Nelle scuole inglesi ben 1,7 milioni di scolari risultano bisognosi di «esigenze speciali» per diversi motivi: difficoltà di apprendimento, problemi di comportamento, difficoltà emozionali o di comunicazione, oppure provenienti da famiglie disastrate, o piccoli stranieri che non sanno l’inglese.

Ebbene: un serissimo rapporto rivela ora che circa la metà di questi bambini e ragazzi «differenziali» in realtà non sono diversi dai bambini normali; se rendono meno a scuola, è a causa del «cattivo livello degli standard educativi» (e degli insegnanti) delle scuole da loro frequentate.

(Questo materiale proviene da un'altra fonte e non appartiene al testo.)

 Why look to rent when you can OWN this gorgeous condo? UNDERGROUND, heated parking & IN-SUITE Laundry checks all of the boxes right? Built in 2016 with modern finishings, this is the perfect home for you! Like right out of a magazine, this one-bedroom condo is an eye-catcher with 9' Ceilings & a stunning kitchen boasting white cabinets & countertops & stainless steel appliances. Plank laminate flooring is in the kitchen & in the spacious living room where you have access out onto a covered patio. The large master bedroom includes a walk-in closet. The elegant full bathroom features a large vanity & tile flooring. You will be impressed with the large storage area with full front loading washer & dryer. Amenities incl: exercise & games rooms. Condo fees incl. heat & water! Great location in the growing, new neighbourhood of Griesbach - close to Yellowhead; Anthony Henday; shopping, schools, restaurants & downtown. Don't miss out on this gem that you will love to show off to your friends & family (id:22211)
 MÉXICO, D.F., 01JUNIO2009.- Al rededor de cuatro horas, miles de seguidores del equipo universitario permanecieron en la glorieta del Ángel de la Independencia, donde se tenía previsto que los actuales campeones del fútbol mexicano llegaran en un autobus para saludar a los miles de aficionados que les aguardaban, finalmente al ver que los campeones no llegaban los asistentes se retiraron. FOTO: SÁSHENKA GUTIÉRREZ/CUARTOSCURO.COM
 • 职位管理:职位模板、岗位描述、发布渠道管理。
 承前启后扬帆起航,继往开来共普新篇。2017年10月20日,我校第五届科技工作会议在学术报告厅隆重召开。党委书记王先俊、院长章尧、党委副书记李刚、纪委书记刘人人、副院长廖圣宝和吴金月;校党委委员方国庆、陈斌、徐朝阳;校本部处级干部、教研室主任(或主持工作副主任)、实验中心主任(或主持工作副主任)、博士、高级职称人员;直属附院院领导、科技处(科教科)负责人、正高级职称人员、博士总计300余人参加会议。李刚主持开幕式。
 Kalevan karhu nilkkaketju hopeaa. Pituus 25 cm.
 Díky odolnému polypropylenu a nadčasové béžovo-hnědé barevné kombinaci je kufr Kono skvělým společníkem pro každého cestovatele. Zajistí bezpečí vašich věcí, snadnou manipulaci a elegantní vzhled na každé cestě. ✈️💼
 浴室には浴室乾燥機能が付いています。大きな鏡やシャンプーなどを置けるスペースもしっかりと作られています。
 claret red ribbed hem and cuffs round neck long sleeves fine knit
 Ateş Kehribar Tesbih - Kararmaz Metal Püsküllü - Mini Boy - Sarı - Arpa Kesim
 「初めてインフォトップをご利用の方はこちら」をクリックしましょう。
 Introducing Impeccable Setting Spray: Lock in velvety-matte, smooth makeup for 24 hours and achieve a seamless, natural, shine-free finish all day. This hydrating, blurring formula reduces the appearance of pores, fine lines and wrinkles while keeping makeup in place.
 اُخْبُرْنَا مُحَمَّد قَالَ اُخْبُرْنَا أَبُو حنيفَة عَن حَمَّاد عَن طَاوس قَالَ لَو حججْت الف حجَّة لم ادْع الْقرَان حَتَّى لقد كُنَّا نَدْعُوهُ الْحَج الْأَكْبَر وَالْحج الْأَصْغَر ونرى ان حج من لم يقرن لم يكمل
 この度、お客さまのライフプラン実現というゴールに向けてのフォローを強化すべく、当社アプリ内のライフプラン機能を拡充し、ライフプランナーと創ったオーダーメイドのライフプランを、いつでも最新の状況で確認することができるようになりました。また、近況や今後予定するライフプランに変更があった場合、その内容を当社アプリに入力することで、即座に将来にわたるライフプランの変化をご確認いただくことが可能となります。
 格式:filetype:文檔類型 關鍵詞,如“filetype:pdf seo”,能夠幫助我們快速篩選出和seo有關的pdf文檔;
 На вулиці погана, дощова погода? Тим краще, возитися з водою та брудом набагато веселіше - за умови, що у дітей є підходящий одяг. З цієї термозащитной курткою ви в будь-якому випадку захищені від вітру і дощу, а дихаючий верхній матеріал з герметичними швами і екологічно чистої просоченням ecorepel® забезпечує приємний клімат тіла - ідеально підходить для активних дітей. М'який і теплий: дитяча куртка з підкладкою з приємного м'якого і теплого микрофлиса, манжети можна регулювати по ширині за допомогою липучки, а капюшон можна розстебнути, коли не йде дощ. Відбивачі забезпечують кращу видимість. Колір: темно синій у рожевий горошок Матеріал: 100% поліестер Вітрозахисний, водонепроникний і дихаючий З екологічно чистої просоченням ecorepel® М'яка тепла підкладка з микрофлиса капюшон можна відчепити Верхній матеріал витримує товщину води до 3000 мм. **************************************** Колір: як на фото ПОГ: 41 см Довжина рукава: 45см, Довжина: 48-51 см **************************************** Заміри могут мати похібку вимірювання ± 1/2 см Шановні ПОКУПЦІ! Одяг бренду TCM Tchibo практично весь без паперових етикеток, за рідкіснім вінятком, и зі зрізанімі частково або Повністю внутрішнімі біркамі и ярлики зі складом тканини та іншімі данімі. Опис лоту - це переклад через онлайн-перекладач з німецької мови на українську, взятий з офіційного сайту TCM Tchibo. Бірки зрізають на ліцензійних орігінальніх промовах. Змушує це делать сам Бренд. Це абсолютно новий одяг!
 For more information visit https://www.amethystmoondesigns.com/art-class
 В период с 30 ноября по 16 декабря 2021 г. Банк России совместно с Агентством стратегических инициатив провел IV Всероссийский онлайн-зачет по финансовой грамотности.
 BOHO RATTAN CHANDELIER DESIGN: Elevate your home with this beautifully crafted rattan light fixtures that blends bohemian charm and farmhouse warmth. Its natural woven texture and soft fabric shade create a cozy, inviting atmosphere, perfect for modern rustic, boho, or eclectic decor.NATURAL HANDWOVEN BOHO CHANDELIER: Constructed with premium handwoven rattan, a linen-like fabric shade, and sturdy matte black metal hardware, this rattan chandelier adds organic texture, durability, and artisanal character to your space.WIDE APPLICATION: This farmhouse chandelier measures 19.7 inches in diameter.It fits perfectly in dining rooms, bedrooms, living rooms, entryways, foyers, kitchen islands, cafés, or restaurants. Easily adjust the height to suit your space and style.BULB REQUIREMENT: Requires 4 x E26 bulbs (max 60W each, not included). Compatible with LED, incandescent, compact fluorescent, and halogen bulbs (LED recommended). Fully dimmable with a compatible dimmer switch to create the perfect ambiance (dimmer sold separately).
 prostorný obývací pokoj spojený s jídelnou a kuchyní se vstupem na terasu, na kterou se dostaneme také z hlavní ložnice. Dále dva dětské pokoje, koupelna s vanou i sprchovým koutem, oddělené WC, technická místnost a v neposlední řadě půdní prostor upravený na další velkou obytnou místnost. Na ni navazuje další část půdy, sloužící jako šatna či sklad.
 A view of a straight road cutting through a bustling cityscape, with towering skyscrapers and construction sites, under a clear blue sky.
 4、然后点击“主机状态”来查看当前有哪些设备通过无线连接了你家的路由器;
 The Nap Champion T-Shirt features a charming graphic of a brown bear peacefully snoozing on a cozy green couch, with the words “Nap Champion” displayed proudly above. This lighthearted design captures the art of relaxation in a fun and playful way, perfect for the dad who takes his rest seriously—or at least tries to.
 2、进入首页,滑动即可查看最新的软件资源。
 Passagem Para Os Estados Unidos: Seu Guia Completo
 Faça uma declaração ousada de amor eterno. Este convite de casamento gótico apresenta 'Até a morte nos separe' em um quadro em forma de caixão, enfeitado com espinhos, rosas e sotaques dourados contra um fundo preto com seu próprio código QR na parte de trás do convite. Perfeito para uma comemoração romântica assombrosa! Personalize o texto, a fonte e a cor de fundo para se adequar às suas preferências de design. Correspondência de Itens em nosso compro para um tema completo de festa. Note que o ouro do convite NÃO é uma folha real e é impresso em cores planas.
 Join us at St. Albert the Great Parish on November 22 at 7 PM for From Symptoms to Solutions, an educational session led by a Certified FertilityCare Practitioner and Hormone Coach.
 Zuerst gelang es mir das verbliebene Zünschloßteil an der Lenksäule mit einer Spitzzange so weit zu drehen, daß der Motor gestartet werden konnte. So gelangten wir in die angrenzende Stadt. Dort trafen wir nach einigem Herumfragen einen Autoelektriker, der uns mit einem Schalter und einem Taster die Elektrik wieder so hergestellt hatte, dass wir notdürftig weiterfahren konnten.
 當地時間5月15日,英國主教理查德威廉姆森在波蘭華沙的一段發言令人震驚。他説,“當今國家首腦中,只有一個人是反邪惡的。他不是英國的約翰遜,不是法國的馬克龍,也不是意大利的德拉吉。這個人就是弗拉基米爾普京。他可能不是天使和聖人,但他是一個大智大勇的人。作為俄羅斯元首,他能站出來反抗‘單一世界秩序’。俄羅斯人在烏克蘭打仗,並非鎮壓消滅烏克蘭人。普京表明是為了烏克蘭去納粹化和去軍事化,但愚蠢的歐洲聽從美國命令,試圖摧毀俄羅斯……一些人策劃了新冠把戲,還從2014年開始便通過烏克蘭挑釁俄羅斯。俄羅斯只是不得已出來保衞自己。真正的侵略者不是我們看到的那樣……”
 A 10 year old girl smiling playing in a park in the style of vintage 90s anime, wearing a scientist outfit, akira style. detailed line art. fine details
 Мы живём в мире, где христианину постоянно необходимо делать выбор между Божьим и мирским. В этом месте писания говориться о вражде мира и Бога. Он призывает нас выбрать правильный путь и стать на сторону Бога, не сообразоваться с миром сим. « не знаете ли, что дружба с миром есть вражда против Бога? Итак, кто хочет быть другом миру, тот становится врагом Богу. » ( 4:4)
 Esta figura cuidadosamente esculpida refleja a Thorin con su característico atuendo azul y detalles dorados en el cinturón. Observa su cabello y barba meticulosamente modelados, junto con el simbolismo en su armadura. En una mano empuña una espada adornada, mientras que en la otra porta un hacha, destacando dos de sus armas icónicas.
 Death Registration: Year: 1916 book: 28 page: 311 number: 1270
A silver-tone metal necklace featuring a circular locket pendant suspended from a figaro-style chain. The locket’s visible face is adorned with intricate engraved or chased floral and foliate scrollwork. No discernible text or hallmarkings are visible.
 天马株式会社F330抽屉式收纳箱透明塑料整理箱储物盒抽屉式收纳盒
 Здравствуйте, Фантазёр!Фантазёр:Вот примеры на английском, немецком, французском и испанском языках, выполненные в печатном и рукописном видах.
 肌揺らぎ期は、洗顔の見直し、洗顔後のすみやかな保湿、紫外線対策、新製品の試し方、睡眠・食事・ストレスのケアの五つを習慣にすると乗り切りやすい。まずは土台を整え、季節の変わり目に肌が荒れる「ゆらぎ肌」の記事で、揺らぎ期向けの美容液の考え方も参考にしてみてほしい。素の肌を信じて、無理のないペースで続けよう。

Il rapporto è stato stilato dall’Ofsted (Office for Standard in Education), che è un super-ispettorato del ministero dell’Istruzione, noto per la sua indipendenza di giudizio. Dopo accurate indagini sul campo in asili, elementari, medie, l’Ofsted è giunto ad una conclusione ancora più abrasiva: sono le scuole stesse ad esagerare il numero di alunni «con speciali esigenze» per mascherare la bassa qualità del loro insegnamento. In altre, crude parole, gli insegnanti si dicono: non siamo noi ad essere insufficienti, sono i ragazzi ad essere sub-standard. E magari subnormali.

In Inghilterra, meno del 3% degli alunni è formalmente dichiarato «differenziale», con un documento medico-psicologico avente valore legale che, accertando un reale handicap mentale o fisico, dà loro il diritto a insegnanti di sostegno ed altri benefici di aiuto. Negli ultimi sette anni, il numero di questi veri «differenziali» è diminuito. Per contro, è aumentato a dismisura il numero di bambini dichiarati «con bisogni particolari» dalle scuole stesse: ben il 18,2% degli scolari è in programmi di sostegno definiti da ciascuna scuola, per lo più senza una valutazione indipendente. In tal modo, fra l’alto, le scuole attraggono maggiori fondi dagli enti locali, e salgono nella graduatoria nazionale degli istituti didattici, che assegna un punteggio alto alle scuole con tanti «bambini con esigenze speciali».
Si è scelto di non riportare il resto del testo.